== WHAT IS BEING ASKED ==
Find the line below with "Lampe LED 125" and the line with "Удобные домашние брючки". Output them and the lines between, exactly, but not the pictures.

═══ EXERCISE MATERIAL ═══

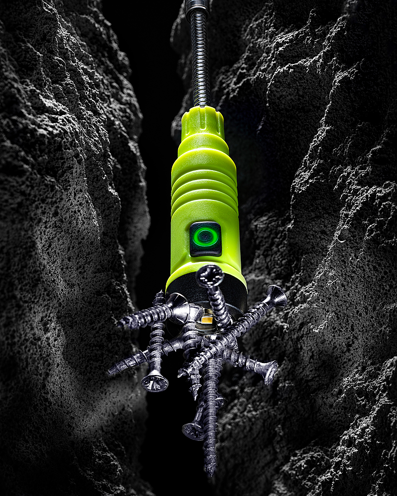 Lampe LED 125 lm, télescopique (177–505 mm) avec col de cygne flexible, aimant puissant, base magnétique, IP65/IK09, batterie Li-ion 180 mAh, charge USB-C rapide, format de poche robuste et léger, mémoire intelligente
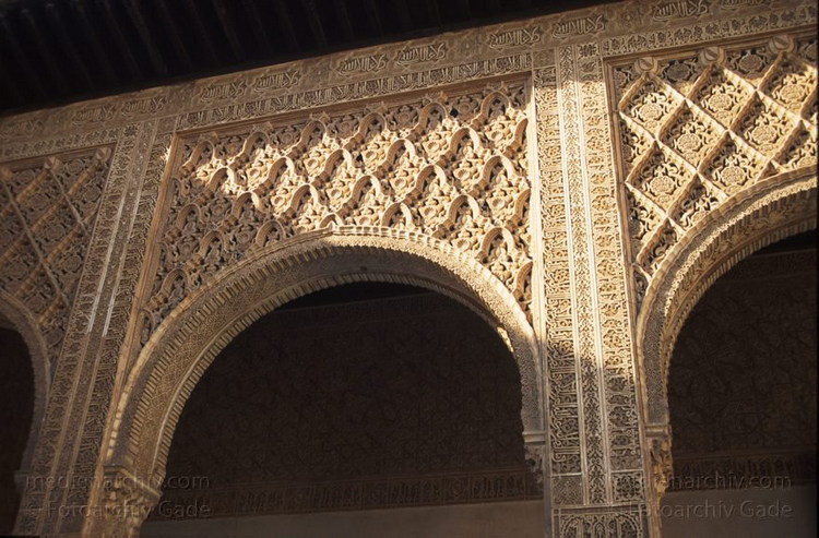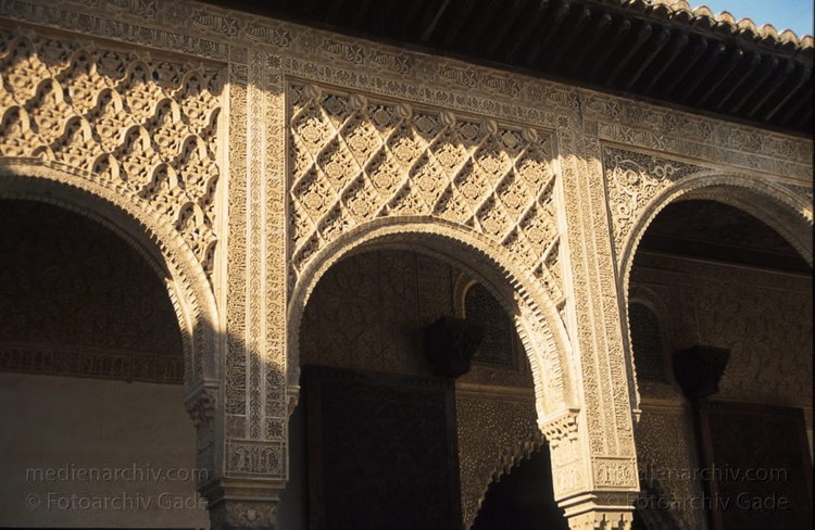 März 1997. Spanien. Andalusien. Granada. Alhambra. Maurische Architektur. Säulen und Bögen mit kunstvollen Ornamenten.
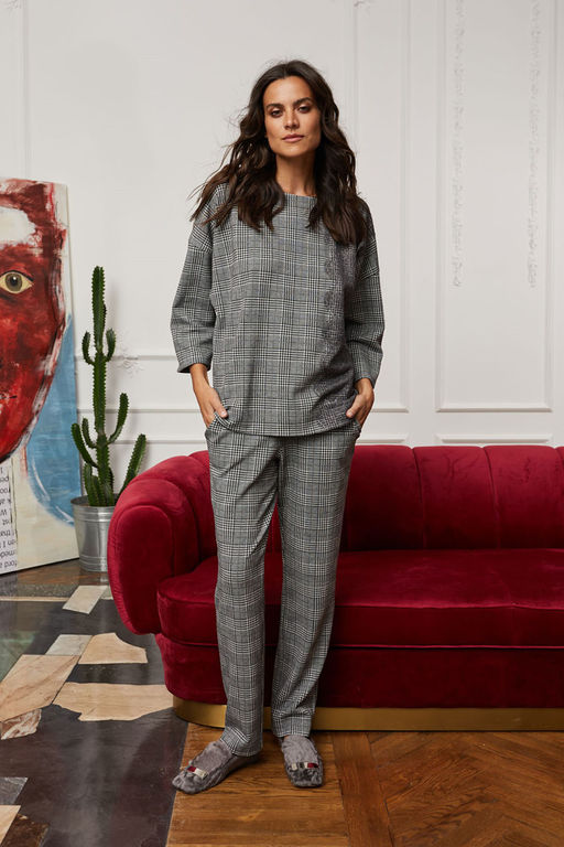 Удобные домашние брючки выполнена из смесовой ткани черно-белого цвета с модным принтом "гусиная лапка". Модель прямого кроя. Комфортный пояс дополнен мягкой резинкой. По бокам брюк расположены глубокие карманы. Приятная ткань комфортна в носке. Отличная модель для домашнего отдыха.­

═══
═══ EXERCISE MATERIAL ═══

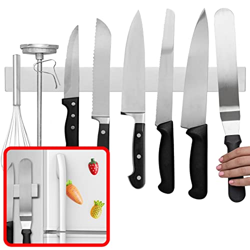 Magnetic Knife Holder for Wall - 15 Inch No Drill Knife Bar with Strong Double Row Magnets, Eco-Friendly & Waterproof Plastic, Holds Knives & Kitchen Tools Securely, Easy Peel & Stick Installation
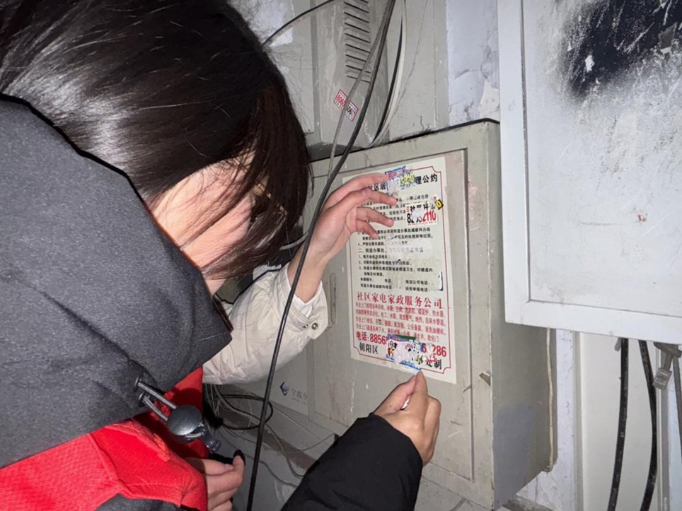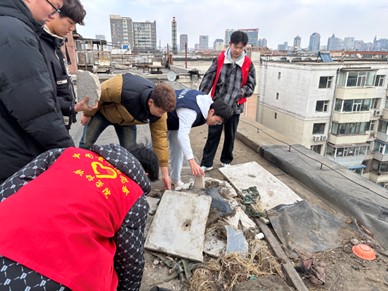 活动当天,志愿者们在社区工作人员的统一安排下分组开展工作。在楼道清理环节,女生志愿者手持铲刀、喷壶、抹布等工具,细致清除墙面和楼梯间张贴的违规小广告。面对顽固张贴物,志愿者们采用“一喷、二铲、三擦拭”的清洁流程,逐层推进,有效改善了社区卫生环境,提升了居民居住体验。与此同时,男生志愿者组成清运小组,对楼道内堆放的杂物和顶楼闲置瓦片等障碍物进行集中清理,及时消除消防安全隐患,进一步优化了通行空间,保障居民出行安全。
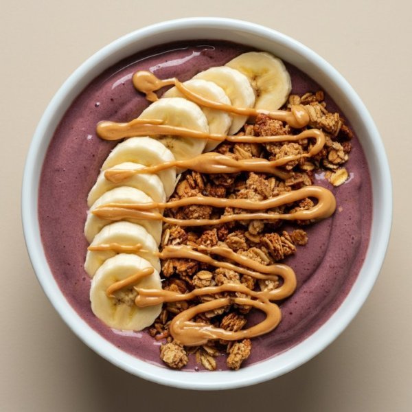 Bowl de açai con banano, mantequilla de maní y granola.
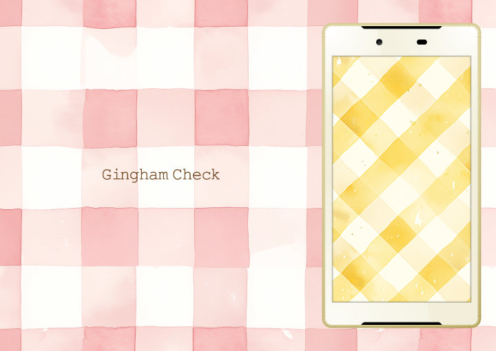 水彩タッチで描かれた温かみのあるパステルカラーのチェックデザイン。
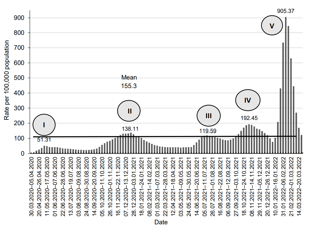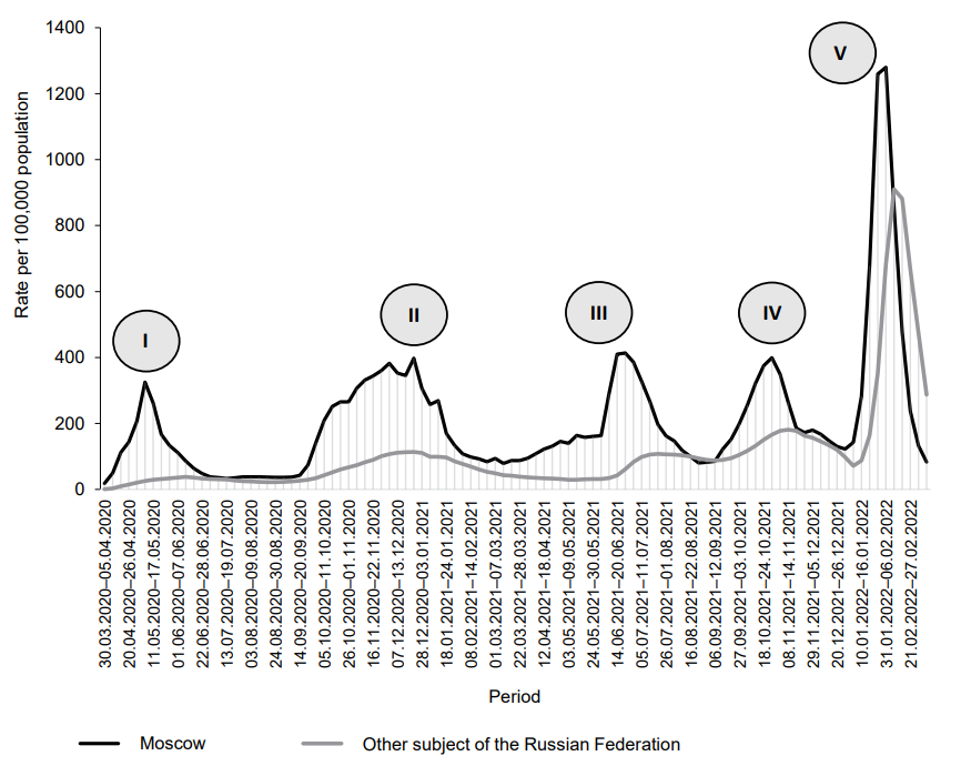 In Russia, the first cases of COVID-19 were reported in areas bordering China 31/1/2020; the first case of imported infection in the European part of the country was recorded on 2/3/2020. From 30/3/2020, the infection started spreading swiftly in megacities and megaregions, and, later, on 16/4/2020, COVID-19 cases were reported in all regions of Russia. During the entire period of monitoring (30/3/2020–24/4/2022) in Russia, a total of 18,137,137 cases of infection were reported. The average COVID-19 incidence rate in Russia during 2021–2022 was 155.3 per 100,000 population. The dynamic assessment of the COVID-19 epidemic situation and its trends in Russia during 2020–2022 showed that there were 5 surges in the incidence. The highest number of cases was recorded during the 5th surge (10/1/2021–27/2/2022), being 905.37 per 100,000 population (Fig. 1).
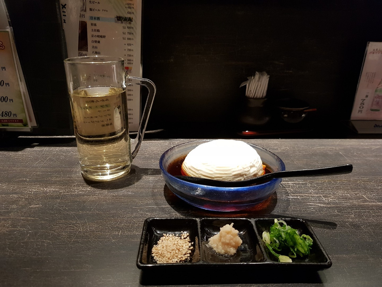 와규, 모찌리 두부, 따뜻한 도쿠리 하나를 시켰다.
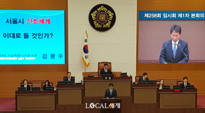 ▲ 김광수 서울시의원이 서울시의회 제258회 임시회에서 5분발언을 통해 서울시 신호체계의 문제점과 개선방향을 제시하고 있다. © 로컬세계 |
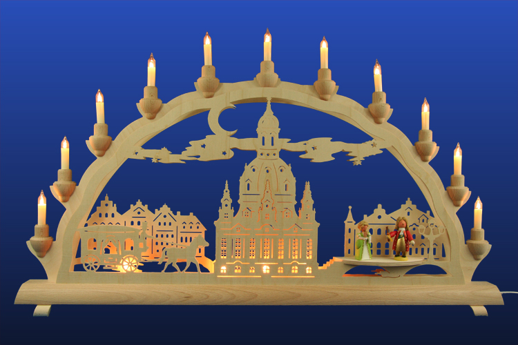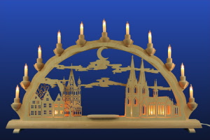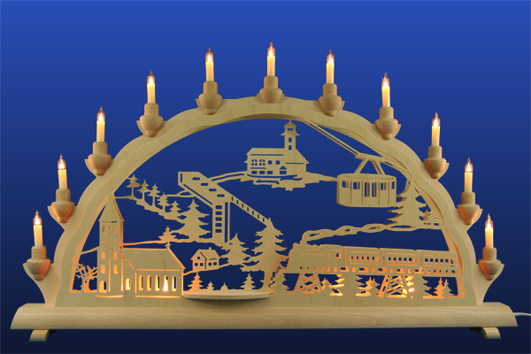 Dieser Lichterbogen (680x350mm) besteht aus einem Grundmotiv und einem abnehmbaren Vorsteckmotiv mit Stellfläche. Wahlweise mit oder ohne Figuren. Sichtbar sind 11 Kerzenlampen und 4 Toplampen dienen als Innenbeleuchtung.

═══
═══ EXERCISE MATERIAL ═══

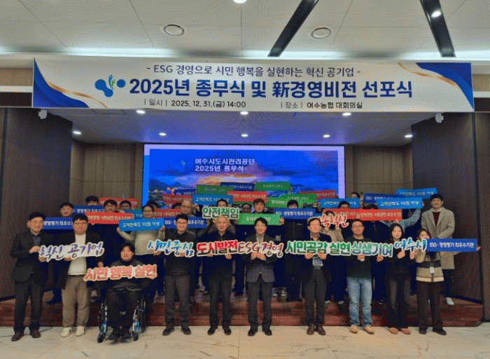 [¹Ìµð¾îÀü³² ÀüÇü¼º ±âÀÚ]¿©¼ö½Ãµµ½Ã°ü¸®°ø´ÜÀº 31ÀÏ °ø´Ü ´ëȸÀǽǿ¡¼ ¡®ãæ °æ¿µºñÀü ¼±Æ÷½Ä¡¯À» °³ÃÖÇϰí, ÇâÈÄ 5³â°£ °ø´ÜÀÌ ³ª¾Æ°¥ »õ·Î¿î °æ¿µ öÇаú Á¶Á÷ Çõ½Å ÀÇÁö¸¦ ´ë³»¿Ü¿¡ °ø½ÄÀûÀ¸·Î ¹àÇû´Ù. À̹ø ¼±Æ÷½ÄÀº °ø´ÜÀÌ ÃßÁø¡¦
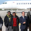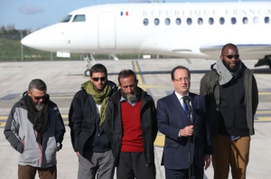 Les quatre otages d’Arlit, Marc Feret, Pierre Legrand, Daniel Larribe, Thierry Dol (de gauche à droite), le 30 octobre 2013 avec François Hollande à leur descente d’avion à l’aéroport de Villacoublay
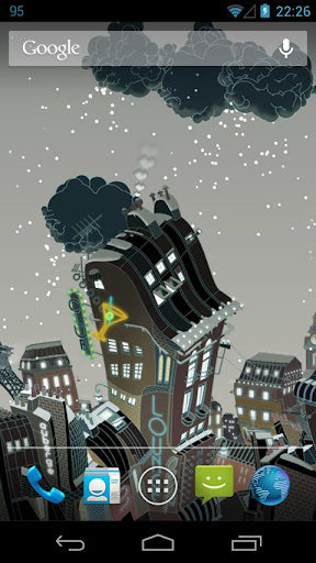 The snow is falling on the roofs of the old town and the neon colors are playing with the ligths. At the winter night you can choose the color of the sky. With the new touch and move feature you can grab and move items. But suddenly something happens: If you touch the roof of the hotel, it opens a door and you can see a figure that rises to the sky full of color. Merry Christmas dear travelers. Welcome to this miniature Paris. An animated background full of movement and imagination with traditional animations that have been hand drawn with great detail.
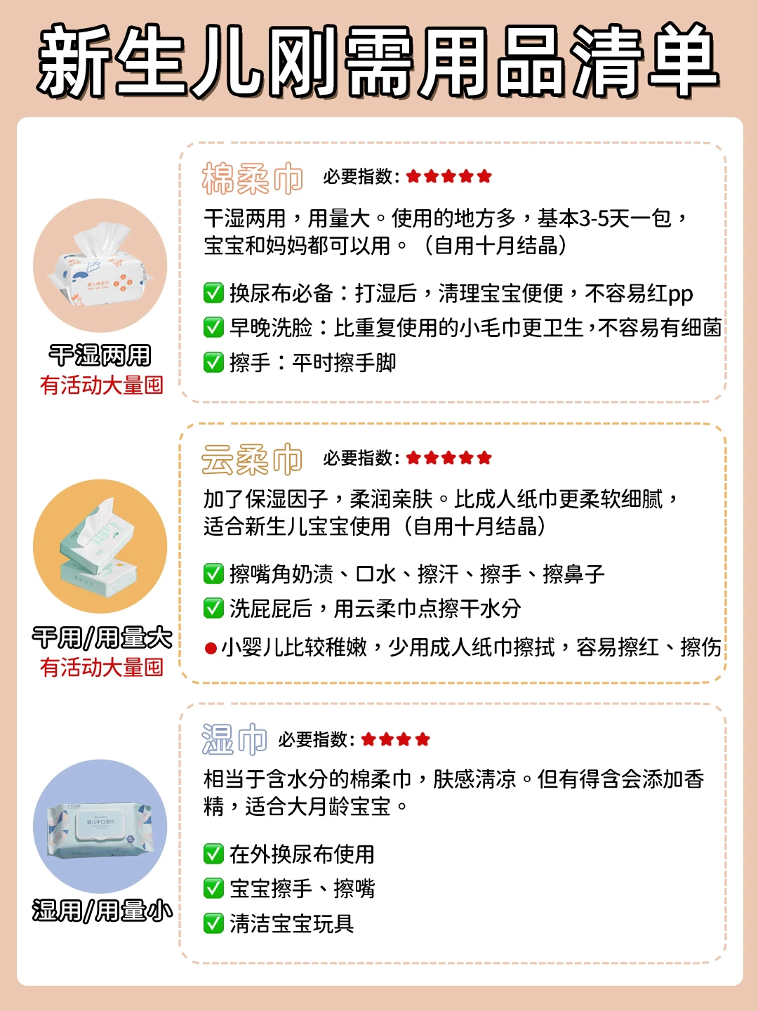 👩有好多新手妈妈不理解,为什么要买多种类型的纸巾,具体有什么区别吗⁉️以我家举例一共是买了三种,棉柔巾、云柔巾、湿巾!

═══

== TASK RESPONSE ==
 Lampe LED 125 lm, télescopique (177–505 mm) avec col de cygne flexible, aimant puissant, base magnétique, IP65/IK09, batterie Li-ion 180 mAh, charge USB-C rapide, format de poche robuste et léger, mémoire intelligente
 März 1997. Spanien. Andalusien. Granada. Alhambra. Maurische Architektur. Säulen und Bögen mit kunstvollen Ornamenten.
 Удобные домашние брючки выполнена из смесовой ткани черно-белого цвета с модным принтом "гусиная лапка". Модель прямого кроя. Комфортный пояс дополнен мягкой резинкой. По бокам брюк расположены глубокие карманы. Приятная ткань комфортна в носке. Отличная модель для домашнего отдыха.­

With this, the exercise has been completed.